In a previous studies it was shown that ANXA3 is significantly associated a with the progression and the various stages of prostatic disease and prostate cancer. Still, little is known about the role and biology of ANXA3 in the human prostate. So far it has been shown that ANXA3 is part of so-called exosomes, small vesicles released form a variety of epithelia. There are indications that this phenomenon, which is the basis of the diagnostic performance of ANXA3, is due to a complex regulation of autoimmunity in prostate cancer.

Protein biomarkers for therapy or diagnostics of prostate cancer and other epithelial cancers of urogenital tract are described in US 2005 130 876, WO 03 086 461, WO 2005 078 124, EP 05 011 042.8 and EP 05 026 092.6. The content of these documents is herein incorporated by reference.

U.S. 60/812,089 and U.S. 60/859,489 disclose the diagnosis of cancer, wherein a sample is analyzed for the presence and/or amount of annexin A3 with highly specific monoclonal antibodies. The content of these documents is herein incorporated by reference.

Although ANXA3 has been known as marker for prostate cancer and specific antibodies for methods concerning differential diagnosis between benign, premalignant and malignant conditions in tissue sections are available, the measurement of ANXA3 in urine and exprimate urine by these antibodies was met with a surprising difficulty.

The conformation of “native” ANXA3 in urine is such that currently available antibodies, which are highly specific in Western blots or tissue staining, only detect a fraction of the protein. This is probably due to folding of ANXA3 in exosomes/prostasomes which results in non-accessibility of epitopes which are important for specific recognition of the protein. These epitopes have been explored and described in detail in a previous patent application.

The aim of the present study was to investigate the quantitatively the abundance of native ANXA3 in a body fluid such as urine and exprimate urine.
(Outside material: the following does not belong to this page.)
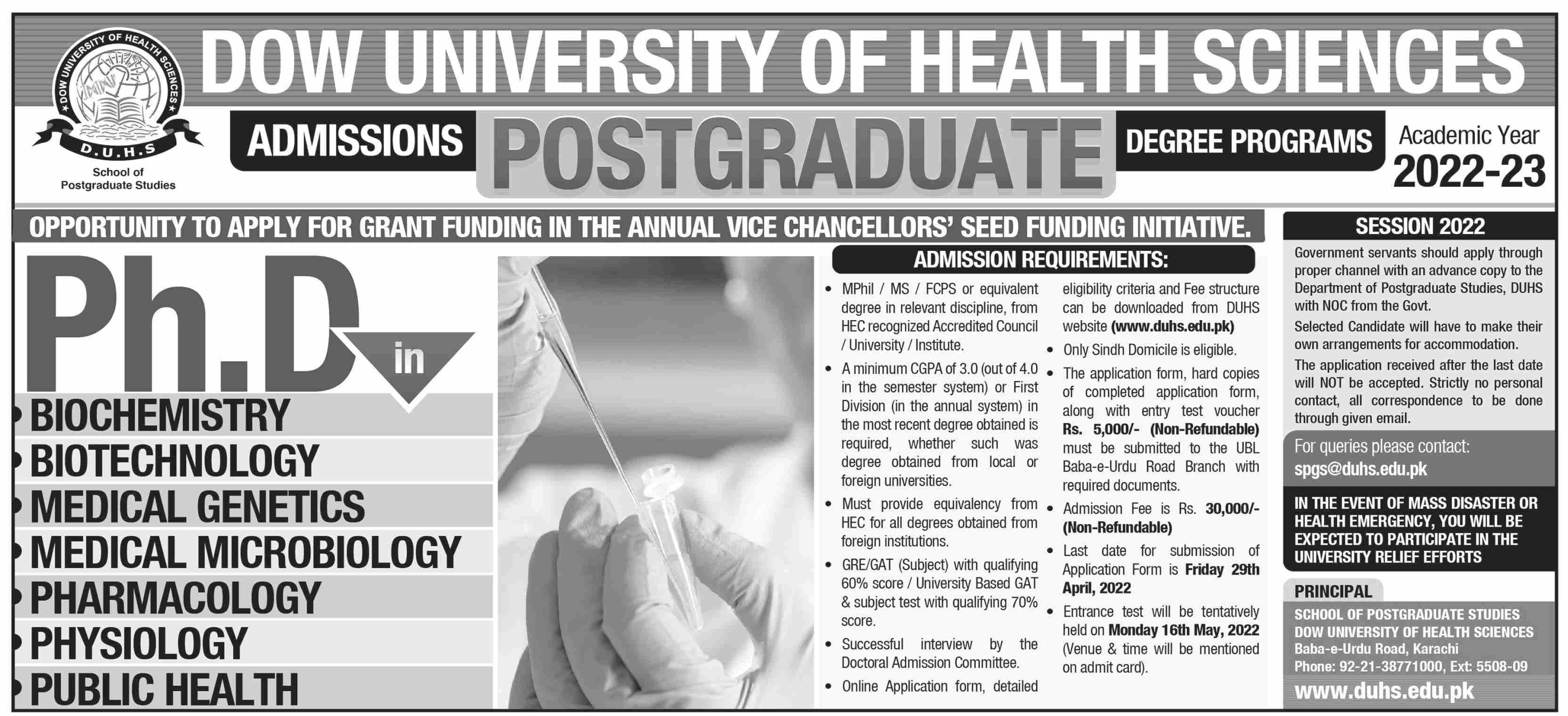 Dow University of Health Sciences PhD in Biochemistry, Biotechnology, Medical Genetics, Medical Microbiology, Pharmacology, Physiology, Public Health, admissions 2022 has been started. Eligible students can apply for academic admissions 2022 in Dow University of Health Sciences Karachi Sindh Pakistan for Science Phd. Students for admissions in Phd & criteria can apply as per Government institute admission policy 2022 before closing date April 29, 2022 as per advertisement. Read newspaper ad for exact details.

According to the present invention it was found that an efficient detection of ANXA3 in urine using the previously described anti ANXA3-antibodies which had prognostic relevance was only possible by employing denaturing conditions and Western blot techniques. None of these previously described antibodies worked well in ELISA-based tests, where exprimate urine was tested under “native” conditions.

Surprisingly, we found out, that next to the epitopes making up the complete specific “antibody-reactive surface” of ANXA3 and described previously, antibodies recognizing “native” ANXA3 in urine, exprimate urine and other body fluids (like plasma or serum) have an additional epitope for specific recognition native ANXA3.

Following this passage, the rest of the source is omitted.